The settings of the reference test case [39] are also fixed in both cases. In particular, a pressure ratio of 7:1 (p_in = 1 bar, p_out = 7 bar) with a rotation rate of 3000 rpm is fixed. The fluid is assumed to be an ideal gas with constant properties (T_in = 293 K) beside the density.

Regarding the solver scheme, a high-resolution, second-order scheme (Upwind for PumpLinx and Backward Euler Transient for CFX) is adopted in both cases with first-order turbulence numeric [49]. The time step is fixed equal to a rotation angle increment of 2°.

The turbulence is considered with a Shear Stress Transport (SST) turbulent model in CFX, whereas with a k-ε model in PumpLinx, since neither the SST nor the k-ω are available for this software. However, it must be pointed out that the k-ε model is the state-of-the-art turbulence model in CFD simulations carried out on scroll geometries, as it is clearly highlighted in Table 6 of [5] and confirmed by the most recent CFD studies on scrolls [35,36]. So, the difference in turbulent model is considered useful to evaluate the accuracy of the k-ω model in comparison with the state-of-the-art k-ε approach. No-slip wall condition is fixed on the walls.

The simulations are performed over a total of five complete revolutions of the scroll rotor. The scroll fluid dynamics reaches convergence after two, or maximum three, revolutions.

4. Results and Discussion

This section presents the results of the simulations carried out with the two approaches and discusses their strengths and weaknesses in the analysis of a scroll compressor.

As said, the two approaches differ not only in the modelling/meshing strategy of the axial gap, but also in the turbulence model. All these differences in the approach are the result of the different “philosophy”, underpinning the development of the two software. On one side, the CFX approach is inherently aimed at reproducing as much accuracy as possible in the machine flow field, searching for a high level of adherence to the real geometry, even at gap level, and to the multi-scale fluid dynamics. On the other side, the PumpLinx software aims at reproducing the macro aspects of the scroll fluid dynamics, prioritizing the adoption of simplified and time-saving modeling solutions.

To capture the influence of these two approaches on the results, the comparison between them is carried out at different levels (from macro- to micro-scale) and for different models (with and without axial gap) and the resulting accuracy in comparison with the experimental results is evaluated.

4.1. Scroll Simulation without Axial Gap

The scroll fluid dynamics is extremely complex and characterized by several unsteady phenomena whose development is strictly related to the so called “porting process”, i.e., the suction and discharge process of the fluid mass flow.

Figure 7 and Figure 8 show the vector plots, captured by CFX, in two different sections of the scroll (mid-span and axial) for three different instants during the last revolution (Figure 9—1 revolution = 0.02 s).

At t₁ the orbiting scroll is located farthest from the inlet port (Figure 7).
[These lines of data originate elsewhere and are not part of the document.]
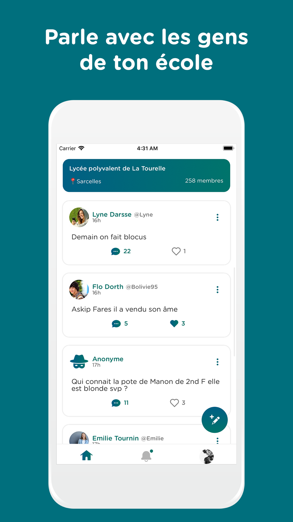 Tu peux t'exprimer librement en créant un post, tous les gens de ton collège ou lycée pourront voir ton post. Tu es timide ? Tu peux poster en anonyme
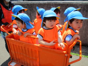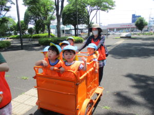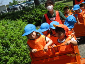 6/22(水)【きらきら】戸外散歩 2022/06/22 梅雨の合間にお日様が顔を出しました。きらきら組初の戸外活動です。 昨日の雨と、初めての戸外ということもありカートに乗って、秋葉台公園を一周しました。 眩しい太陽と風を感じて、みんなきらきらの笑顔が輝いていました。 風がつよいね! あれは、なんだ? お日様、まぶしいね! きらきら 松下
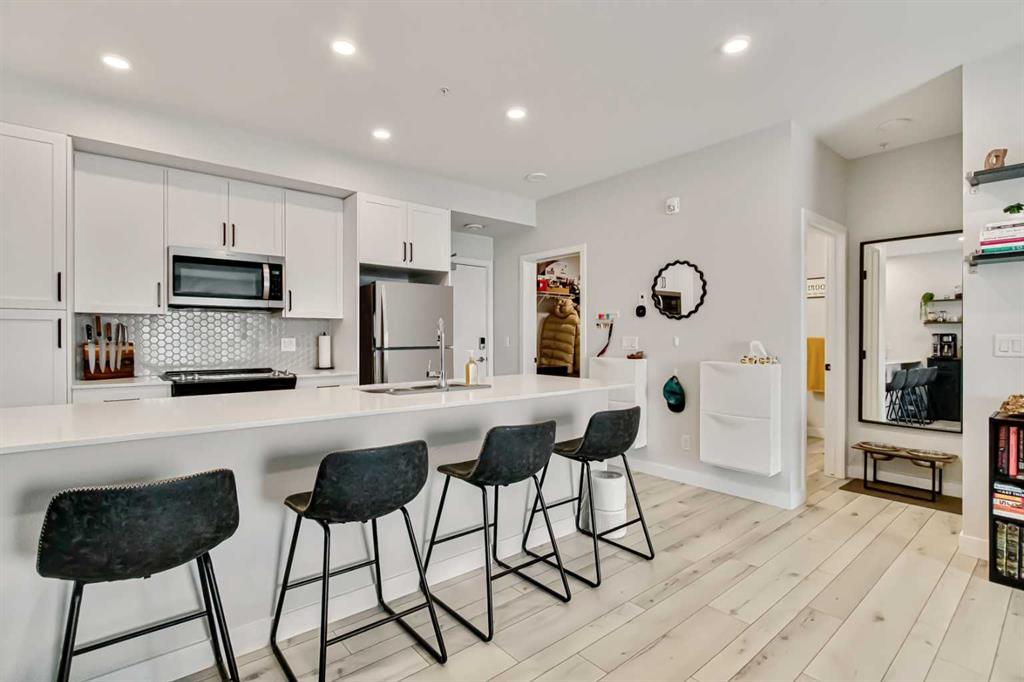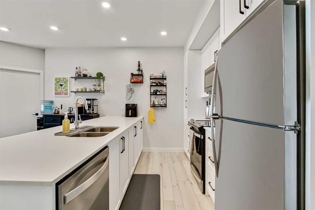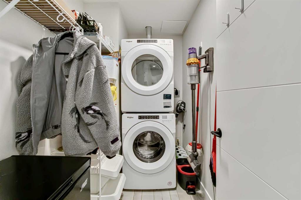 This unit is loaded with extras, including in suite laundry, central air conditioning, high end finishes and smart home features such as Kasa light switches, a Weiser smart lock and an Ecobee thermostat. You’ll also enjoy the added convenience of a dedicated storage unit and a parking stall ideally located right by the front entrance.
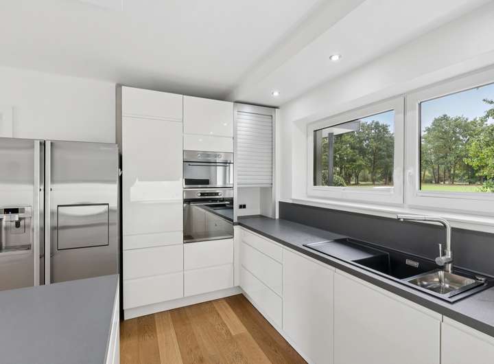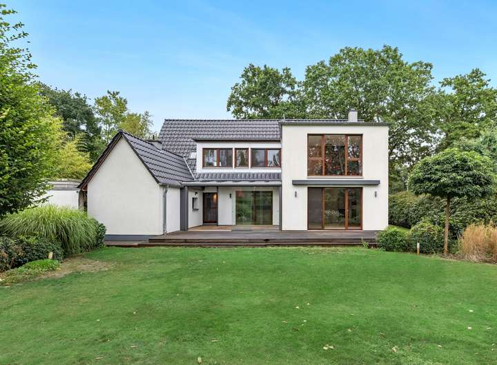 Das Ergebnis ist ein harmonisches Zusammenspiel aus moderner Wohnqualität, hochwertigen Materialien und einem außergewöhnlichen Grundstück, das eine nahezu uneinsehbare Privatsphäre bietet.
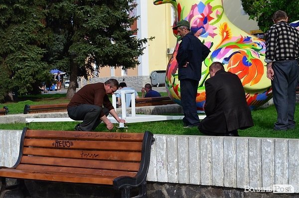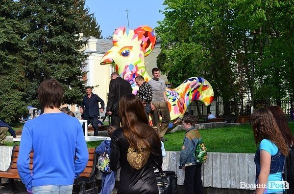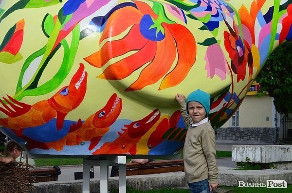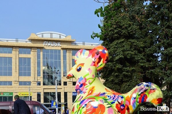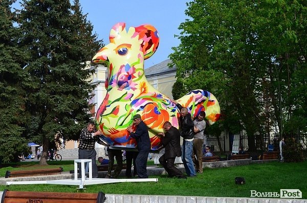 У центрі Луцька, на Театральному майдані, змонтували величезну скульптуру, розмальовану художниками.

The filling of the inlet pocket is just started, and the instantaneous mass flow rate is close to its peak value (Figure 9). Large recirculating zones are induced by the interaction between the mass flow entering in the inlet pocket and the outside wall of the orbiting scroll. This interaction forces the flow to reverse direction giving rise to vortexes, clearly affecting the flow field near the inlet duct (Figure 7). The vortexes extend for the whole radial direction and involve half of the pocket width (Figure 8).

The location of the inlet port in front of the orbiting scroll continuously modifies the radial distance between the inlet port and the moving wall of the orbiting scroll, reproducing the unsteady “tumble” phenomenon typical of the internal combustion engines. Indeed, as shown in Figure 8, the surface of the orbiting scroll moves towards the inlet port, reducing the radius of the vortexes whose rotation rate is consequently increased to maintain their constant moment of momentum (net of the losses). In the second part of the suction phase, the outside surface of the scroll moves away from the inlet port, increases the vortexes radius, and hence, progressively decreases their intensity (Figure 9). This phenomenon is further amplified by the progressive reduction of the inlet mass flow rate. When the mass flow rate reaches its minimum ($t_4$ in Figure 9), the vortexes almost disappear (Figure 10).

Figure 9 also depicts the evolution over time of the inlet mass flow rate captured by PumpLinx. The general trend is to some extend similar. The average value of the mass flow rate is almost equal in the two simulations: 0.010553 kg/s in CFX vs. 0.010483 kg/s in Pumplinx, and approximate with a sufficient accuracy (an error less than 5%) the experimental mass flow rate $\dot{m}=0.011 \mathrm{kg}/\mathrm{s}$ [39]. However, CFX captured a greater peak value of the mass flow rate (+24% for CFX vs. +11.6% for Pumplinx with respect to the average value) and a pulsating behavior, amplified in the first part of the suction phase (from time 0.69 to 0.73). This pulsating behavior, whose frequency is half of the machine rotation frequency (25 Hz vs. 50 Hz corresponding to a period of 0.04 s vs. 0.02 s), is clearly linked to the perturbation of the inlet pressure (Figure 8). As given below, the perturbation seems provoked by the inertia phenomena developing in the discharging pockets, which causes pressure drops propagating up to the scroll inlet.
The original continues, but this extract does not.